+ 7

C++ code ( 6 )

What is the output of this code？ intx( int &a, int &b){ a=3; b=4; return a + b; } int main(){ int a=2; int b=7; int c=x(a, a); cout<<a<<b<<c; How to calculate it？

c++code

7th Mar 2018, 6:46 AM

Eros boulay

6 Respostas

+ 12

Hi Alice... The answer is 478. Here is a breakdown of each variable: Variable {a} initializes as 2. The pointer to this variable is then passed to the following method: x(a, a); NOTE: When {b} is assigned the value 4, both {a} and {b} are set to the value 4. This is because both arguments were passed as pointer references to the original variable {a}. The return value is the sum of a + b, which should be 4 + 4, or 8. So, now, {a} in the main() function is 4. The return value of x(a, a) was assigned to variable {c}, which is 8. The variable {b} has not changed and is still 7. Therefore, the final value is: a=4, b=7, c=8 I hope this makes sense.

7th Mar 2018, 7:00 AM

David Carroll

+ 4

@Freddy: Indeed... this code, as well as, most code in SL challenges, are great models to follow for those seeking to be chronically unemployed. 🤣

7th Mar 2018, 11:58 PM

David Carroll

+ 2

challenge question, right?

7th Mar 2018, 7:19 AM

‎ ‏‏‎Anonymous Guy

+ 1

@David Caroll Wow...I'm speechless！
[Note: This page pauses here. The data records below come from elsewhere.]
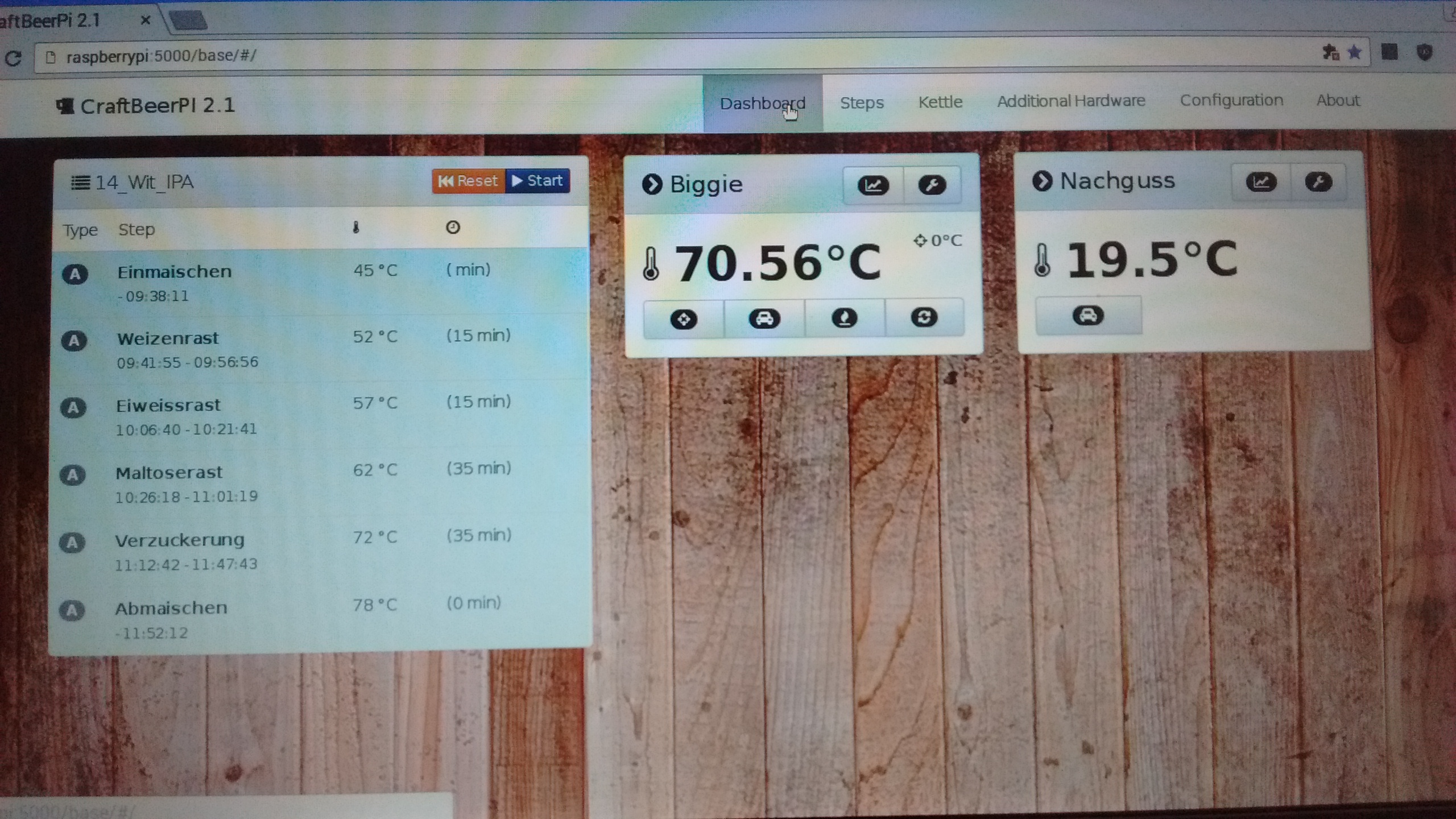 Sehr geil also und so ging es ab zum Probebrauen. Zunächst hat sich die Temperaturanzeige nicht automatisch aktualisiert, was lästig war. Erst nach umstecken der Fühler hat es dann hingehauen.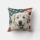 A beautiful watercolor portrait of a Great Pyrenees Dog is placed against a grunge background of the USA flag. Both sides of the pillow have the same image.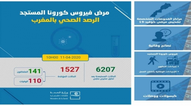 وحسب ذات النصدر، فقد ارتفع عدد المتعافين الى 141 حالة، فيما عدد الوفيات فقد لستقر في حدود 110 حالة وفاة.
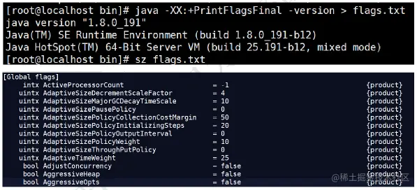 java -XX:+PrintFlagsFinal -version > flags.txt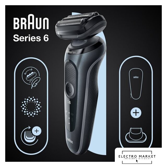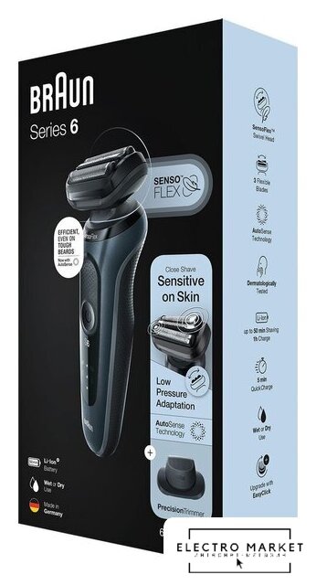 сеточная, влажное бритье, сенсор щетины, устройство для автомат. очистки, питание от аккумулятора, 1 час автономной работы

Now I know how to calculate it，thanks for sharing your knowledge😄

7th Mar 2018, 7:03 AM

Eros boulay

+ 1

Nice explanation David :) Outside of this lovely acedemical discussion, I would like to add that I would advise *not* to use a construction like this in real code. To put it mildly: it doesn't approve readability and thus can lead to nasty side effects and bugs. And in this case the good news is that there *is* a predicable outcome, sometimes (especially when you use macros) the outcome isn't even predictable or even defined in the standard and thus compiler specific... You might want to avoid code like that :)

7th Mar 2018, 9:21 PM

Freddy

there are many programmer wow nice am new in this field

7th Mar 2018, 12:53 PM

Shah Dost